Feeling blue: a diver descends onto the reef off Belize
Q: My two friends and I are trying to find the cheapest way possible to make it down to Belize to do some scuba diving. We will sleep on the beach if necessary. Can you give us some ideas on how to find the lowest rates?
Lori Routh, Long Beach, California
A: There's no getting around itBelize ain't cheap, especially when you compare it to the rest of Central America. But there are a few things you can do to minimize the sting if you're flexible with your schedule and are willing to give up luxuries like hot water, conditioned air, and the occasional lobster dinner.
Start by visiting air ticket consolidators that specialize in rates to Latin America. Exito Travel (877-768-1313, www.belize-airtravel.com) and Your Travel Service (888-877-9131, www.yourtravelservice.com) can get you to Belize City for well under $500.
The best beach bargains can be found on Caye Caulker, which is the laziest, mellowest, least glamorous of the islands within close proximity to the hemisphere's largest reef. Beach camping here is a no-no, but you'll have little trouble finding a bare-bones cabana for $7 or $8 per night. For the cheapest eats, there's a grocery store on Middle St. But the 50-cent chicken tostadas at Syd's (just up the street) can hardly be considered a splurge.
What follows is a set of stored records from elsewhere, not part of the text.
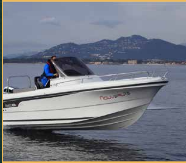
قارب صغير للرحلات الاستكشافية الخاصة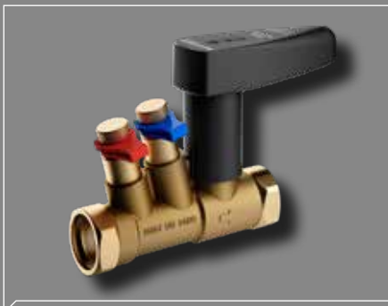
Säätö- ja sulkuventtiili + virtauksen mittaus

Nexus - säästöä asennus- ja energiakuluissa. Tarkkaan säätämiseen.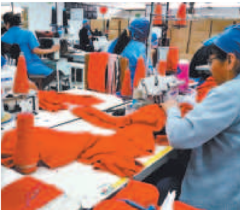
Los fabriles conmemoran hoy las luchas por mejores condiciones laborales.

All of the dive shops on Caulker are regulated by the government, so the difference between a pricey operator and a less pricey one usually comes down the age of the equipment and maybe the experience of the dive master. Obviously, that doesn't apply to the guy you meet on the beach who is lugging a couple of rusted-out air tanks and a beat-up BC. But you can be confident that any legitimate dive shop meets certain safety standards.
One last note: Keep and eye on the Placencia area, which was hit hard this year by hurricane Iris. When the rebuilding is complete, you're likely to find some "Welcome Back!" packages that make even higher-end vacationing downright affordable.